• [WHAT NEEDS TO BE DONE]: When you reach a picture, skip it, and retype every line below exactly.

• [PROVIDED MATERIAL]:
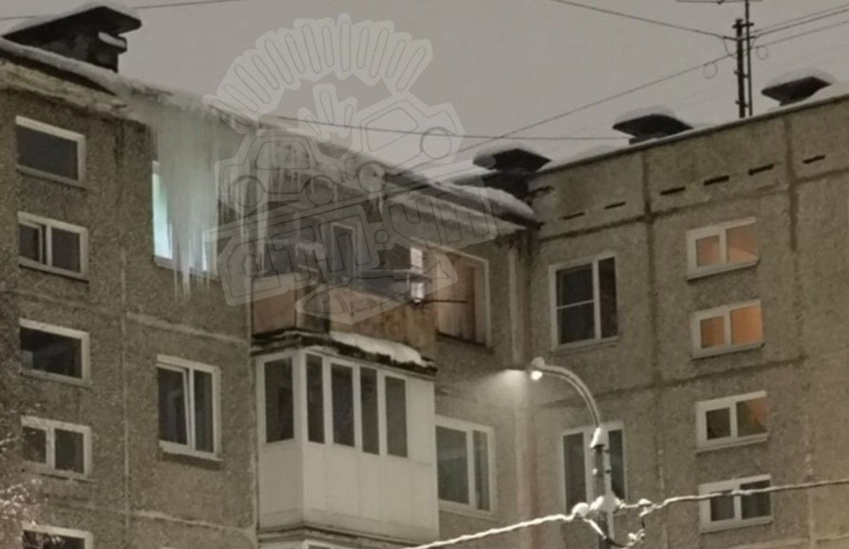 В Мурманске жильцы квартиры, расположенной на пятом этаже дома № 20 на Копытова, выглядывая в окно, видят не свой двор, а глыбу льда. Сосулька образовалась на крыше здания и росла день за днём. К концу декабря она стала шириной в метр, а длиной — в два.
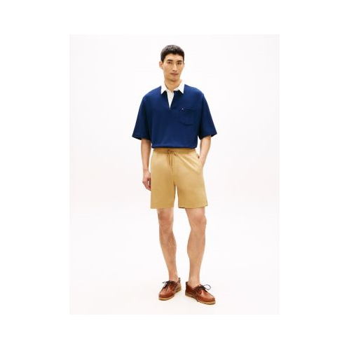 Tommy Hilfiger men's short. Garment washed for extra softness, our stretch-cotton shorts are designed with an elastic drawstring waist and are cut in a fit that keeps you comfortable all day.
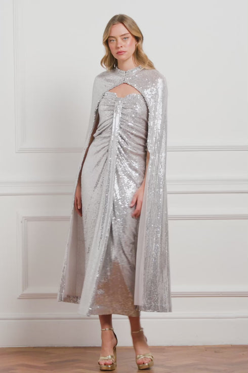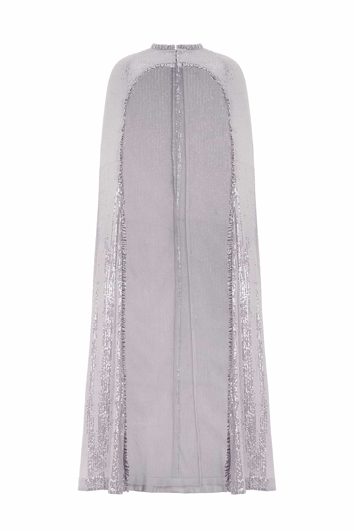 NEW SEASON. Amora Long Cape in Dove/Silver. A celestial-inspired layer designed to elevate evening dressing. Crafted in delicate tulle, the cape is embellished with shimmering sequins in silver tones, creating a starry sky effect that sparkles with movement. The dove-grey base softens the metallic embellishment, adding refinement and romance. A statement piece that transforms any gown, perfect for dramatic entrances and ethereal styling.

• [EXERCISE RESULT]:
 В Мурманске жильцы квартиры, расположенной на пятом этаже дома № 20 на Копытова, выглядывая в окно, видят не свой двор, а глыбу льда. Сосулька образовалась на крыше здания и росла день за днём. К концу декабря она стала шириной в метр, а длиной — в два.
 Tommy Hilfiger men's short. Garment washed for extra softness, our stretch-cotton shorts are designed with an elastic drawstring waist and are cut in a fit that keeps you comfortable all day.
 NEW SEASON. Amora Long Cape in Dove/Silver. A celestial-inspired layer designed to elevate evening dressing. Crafted in delicate tulle, the cape is embellished with shimmering sequins in silver tones, creating a starry sky effect that sparkles with movement. The dove-grey base softens the metallic embellishment, adding refinement and romance. A statement piece that transforms any gown, perfect for dramatic entrances and ethereal styling.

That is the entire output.